Problem: Exactly the lines below from the line with "70 Darf man sich auf Pläne verlassen?" through the line with "Dar za tuzlanskog gvardijana" must make up the answer, both ends included and pictures left out.

[Stored records]
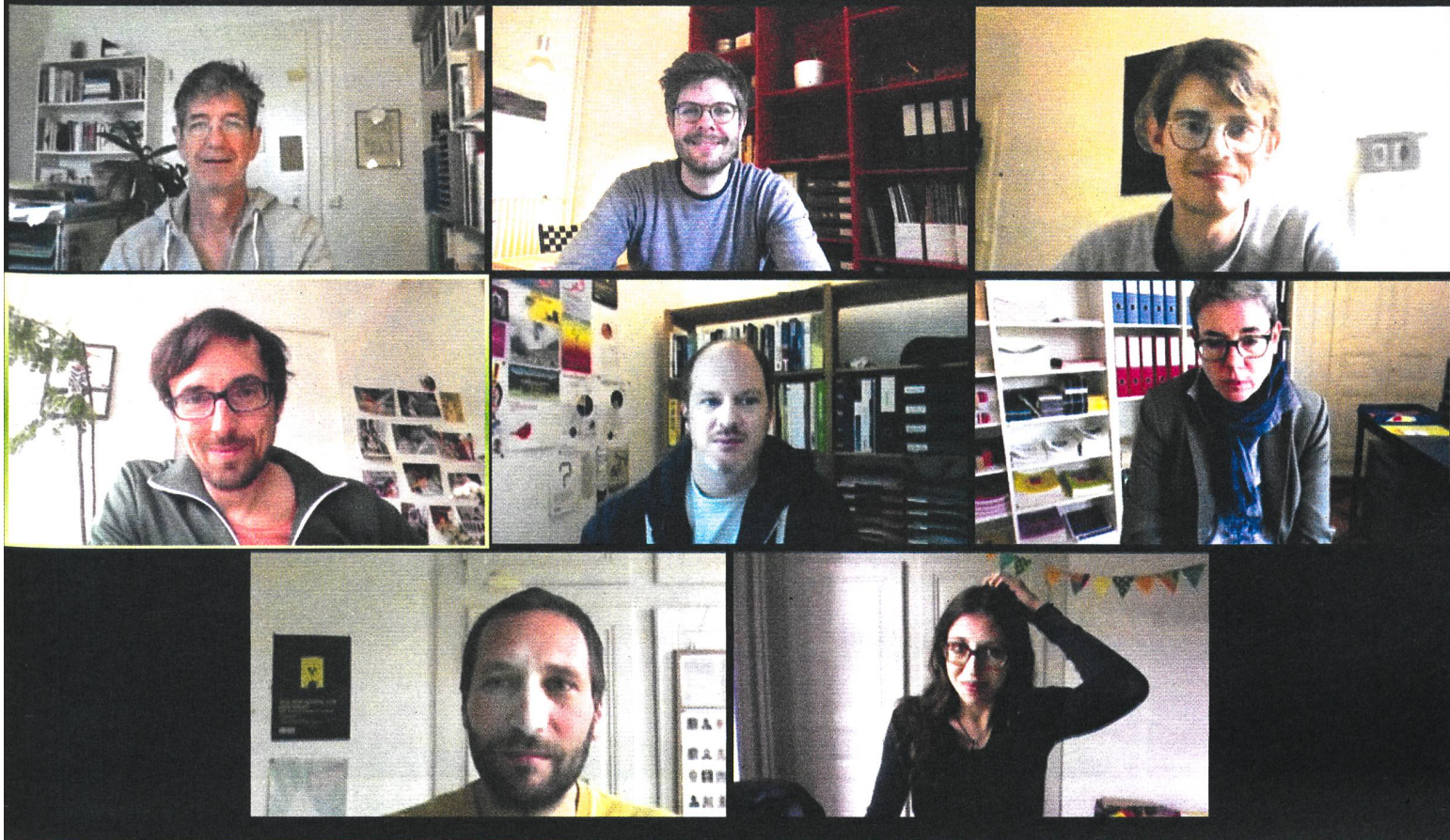
Die SES im Home-Office: Momentaufnahme aus einer der wöchentlichen Corona-bedingten Team-Videokonferenzen.

der ICT-Branche an den weltweiten Treibhausgasemissionen auf 3,7 % – also fast doppelt so schädlich wie der globale Anteil des zivilen Flugverkehrs (2 %). Eine Analyse von George Kamiya von der internationalen Energieagentur (IEA) 2 , korrigiert nun diese Aussage, indem sie eine Reihe von Fehlannahmen aufdeckt. Beispielsweise wurden viel zu hohe Datenübertragungsraten angenommen, und auch der Stromverbrauch der Rechenzentren wurde wesentlich zu hoch angesetzt, wie Dr. Rüdiger Paschotta in seinem Blog zusammenfasst. 3 Etliche Zahlen waren auch schlicht veraltet. Denn gemäss einer Faustregel verdoppelt sich die Effizienz von IT-Anwendungen alle 19 Monate 4 , was man vom Flugverkehr nicht behaupten kann. Beides sind Wachstumsmärkte.
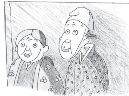
(総代Aさんからいただきました)
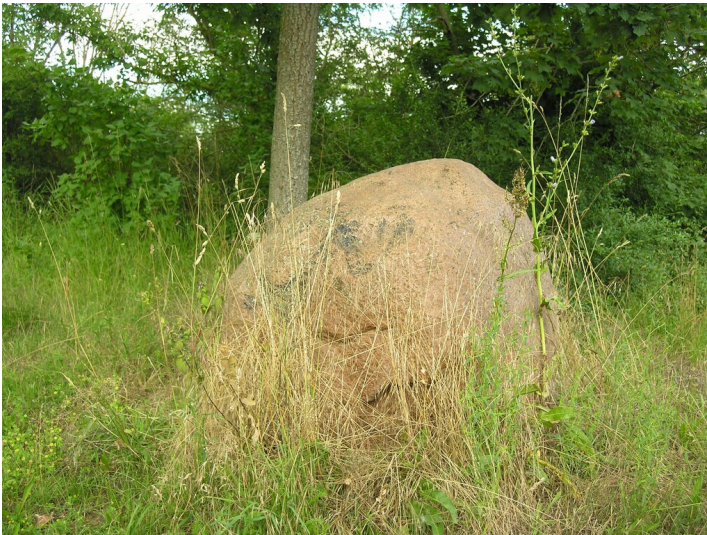
Tagebau Bruckdorf Süd - rekultivierte Innenkippe; Findling bei den Kleingärten; Blick E
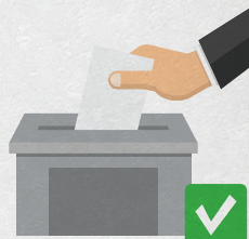
Ящики для голосования
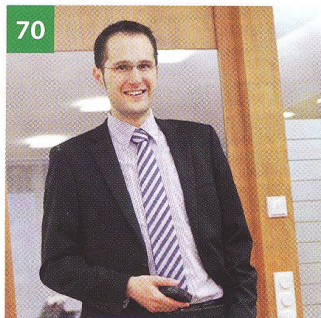
70 Darf man sich auf Pläne verlassen?

Titelbild Eine leicht zu reinigende „Slimline“-Massagedüse für Whirlpools von Repabad, Wendlingen
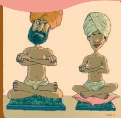
Детям нужно больше защиты, а не меньше.
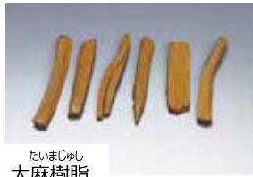
たいまじゆし 大麻樹脂
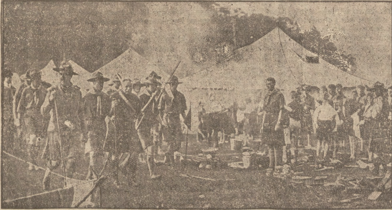
przygotowują się do wyjazdu na Jamboree na Węgrzech w Gödöllö. Obecnie już urządzane są obozy treningowe, zwiedzane przez władze skautowe, jak to widzimy na ilustracji.
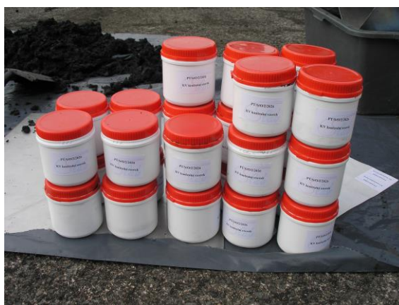
Obrázek č. 6 Kontrolní vzorky

Laboratoře odebraly dva směsné vzorky čistírenského kalu pro stanovení vybraných ukazatelů v souladu s požadavky platných právních předpisů, každý odebraný vzorek analyzovaly dvakrát a celkem poskytovatel obdržel čtyři výsledky. Dále od poskytovatele PT obdržely kontrolní homogenní vzorek čistírenského kalu připravený na místě konání (vzorek odebrala jedna odběrová skupina na lokalitě, byl zhomogenizován a rozdělen jednotlivým účastníkům pro stanovení obsahu analytů), a distribuce zakoupeného referenčního materiálu.
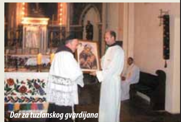
Dar za tuzlanskog gvardijana

Tijekom cijelog putovanja u autobusu se osjetila duhovnost, pa je put bio praćen molitvom i pjesmama Majci Božjoj. Posebnu radost su nam pridonijeli domaćini na dočeku pred franjevačkim samostanom. U 17 sati je upriličen ručak i osvježenje za hodočasnike, a zatim se prešlo u crkvu gdje se prije svete mise molila krunica.
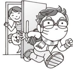
外出時はメガネとマスク着用
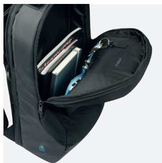
Avec organisateur & accroche clé
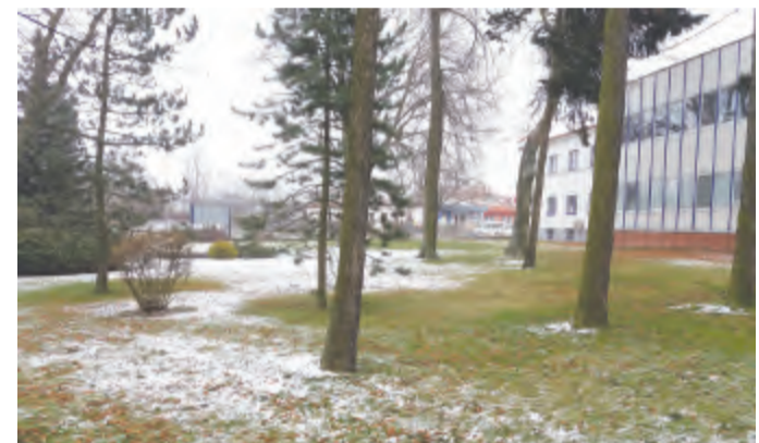
Park bude upraven

mová zóna, a proto bychom chtěli parčík otevřít každému. Plánujeme udělat úpravy trávníku, obnovit starou fontánu, přidat lavičky a vytvořit nové cestičky. Doplníme i mobiliář. Třeba lavičky už máme nakoupené.“

Response to this task:
70 Darf man sich auf Pläne verlassen?

Titelbild Eine leicht zu reinigende „Slimline“-Massagedüse für Whirlpools von Repabad, Wendlingen
Детям нужно больше защиты, а не меньше.
たいまじゆし 大麻樹脂
przygotowują się do wyjazdu na Jamboree na Węgrzech w Gödöllö. Obecnie już urządzane są obozy treningowe, zwiedzane przez władze skautowe, jak to widzimy na ilustracji.
Obrázek č. 6 Kontrolní vzorky

Laboratoře odebraly dva směsné vzorky čistírenského kalu pro stanovení vybraných ukazatelů v souladu s požadavky platných právních předpisů, každý odebraný vzorek analyzovaly dvakrát a celkem poskytovatel obdržel čtyři výsledky. Dále od poskytovatele PT obdržely kontrolní homogenní vzorek čistírenského kalu připravený na místě konání (vzorek odebrala jedna odběrová skupina na lokalitě, byl zhomogenizován a rozdělen jednotlivým účastníkům pro stanovení obsahu analytů), a distribuce zakoupeného referenčního materiálu.
Dar za tuzlanskog gvardijana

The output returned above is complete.